The character mu in cursive script

The Old Chinese *ma (無) is cognate with the Proto-Tibeto-Burman *ma, meaning 'not'. This reconstructed root is widely represented in Tibeto-Burman languages; for instance, ma means 'not' in both Tibetan and Burmese.

==Pronunciations==
The Standard Chinese pronunciation of wú (無; 'not', 'nothing') historically derives from the c. 7th century Middle Chinese mju, the c. 3rd century Late Han Chinese muɑ, and the reconstructed c. 6th century BCE Old Chinese *ma.

Other varieties of Chinese have differing pronunciations of 無. Compare Cantonese mou4; and Southern Min /nan/ (Quanzhou) and /nam/ (Zhangzhou).

The common Chinese word wú (無) was adopted in the Sino-Japanese, Sino-Korean, and Sino-Vietnamese vocabularies. The Japanese kanji 無 has on'yomi readings of mu or bu, and a kun'yomi (Japanese reading) of na. It is a fourth-grade kanji. The Korean hanja 無 is read mu (in Revised, McCune–Reischauer, and Yale romanization systems). The Vietnamese Hán-Việt pronunciation is vô or mô.

==Meanings==
Some English translation equivalents of wu or mu are:
- "no", "not", "nothing", or "without"
- "nothing", "not", "nothingness", "un-", "is not", "has not", "not any"
  1. Pure awareness, prior to experience or knowledge. This meaning is used especially by the Chan school of Buddhism.
  2. A negative.
  3. Caused to be nonexistent.
  4. Impossible; lacking reason or cause.
  5. Nonexistence; nonbeing; not having; a lack of, without.
  6. The "original nonbeing" from which being is produced in the Tao Te Ching.

In modern Chinese, Japanese and Korean it is commonly used in combination words as a negative prefix to indicate the absence of something (no ..., without ..., un- prefix), e.g., 无-线 (wú-xiàn)/ (無-線, mu-sen)/mu-seon (무-선) for "wireless". In Classical Chinese, it is an impersonal existential verb meaning "not have".

The same character is also used in Classical Chinese as a prohibitive particle, though in this case it is more properly written 毋 (wú).

==Characters==
In traditional Chinese character classification, the uncommon class of phonetic loan characters involved borrowing the character for one word to write another near-homophone. For instance, the character 其 originally depicted a winnowing basket (ji), and scribes used it as a graphic loan for qi (其, "his; her; its"), which resulted in a new character ji (箕) (clarified with the bamboo radical ⺮) to specify the basket.

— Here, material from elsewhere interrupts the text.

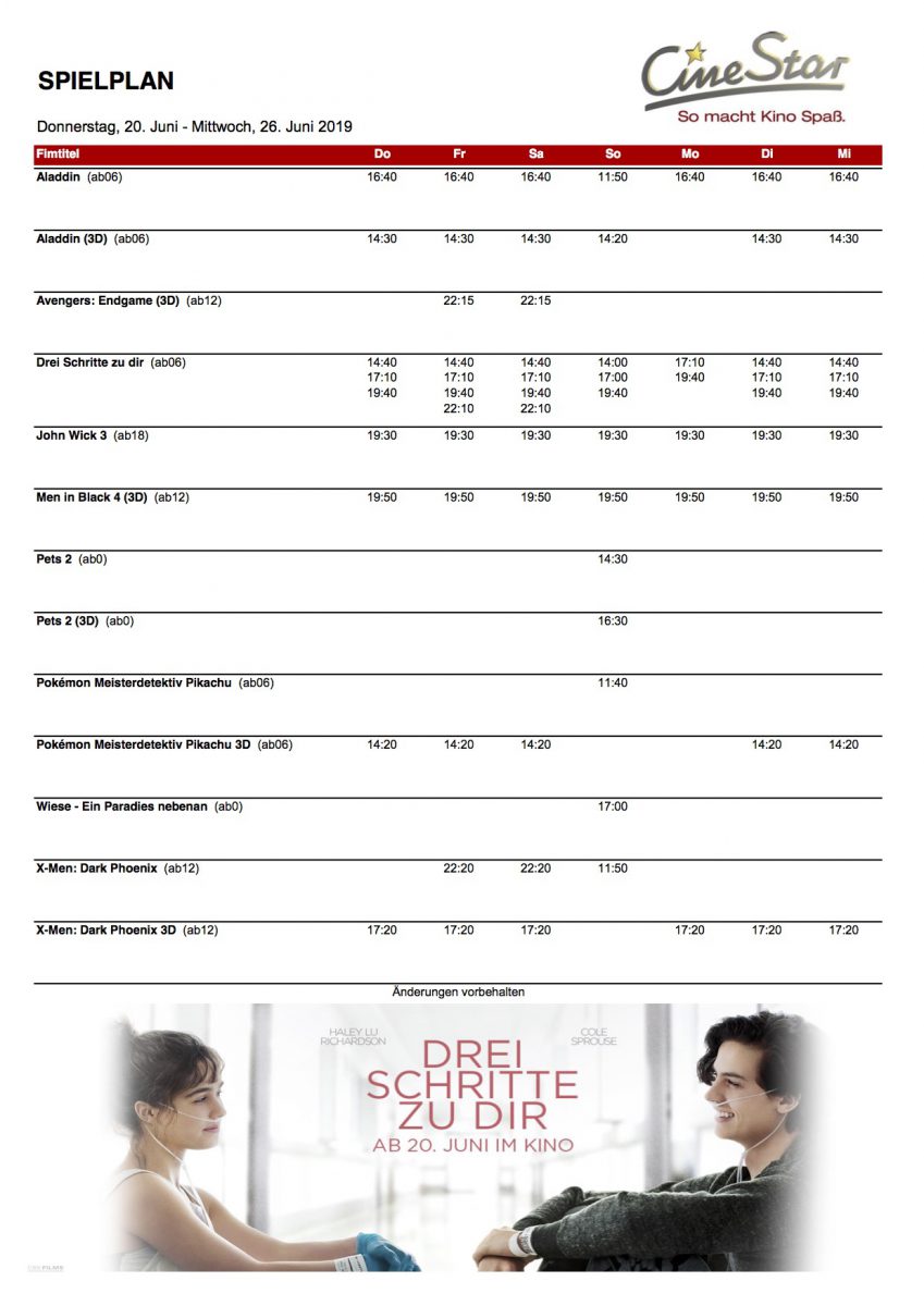 Der aktuelle Spielplan des CineStar Waren mit folgendem Neustart: „Drei Schritte zu dir“ und folgenden Sondervorstellungen:

The character wu (無) originally meant "dance" and was later used as a graphic loan for wu, "not". The earliest graphs for 無 pictured a person with outstretched arms holding something (possibly sleeves, tassels, ornaments) and represented the word wu "dance; dancer". After wu meaning "dance" was borrowed as a loan for wu meaning "not; without", the original meaning was elucidated with the radical 舛, "opposite feet" at the bottom of wu, 舞 "dance".

==Mu-kōan==
The Gateless Gate, a 13th-century collection of Zen kōan, uses the word wu or mu in its title (Wumenguan or Mumonkan 無門關) and first kōan case ("Zhao Zhou's Dog" 趙州狗子). Chinese Chan calls the word mu 無 "the gate to enlightenment". The Japanese Rinzai school classifies the Mu Kōan as hosshin 発心 "resolve to attain enlightenment", that is, appropriate for beginners seeking kenshō "to see the Buddha-nature".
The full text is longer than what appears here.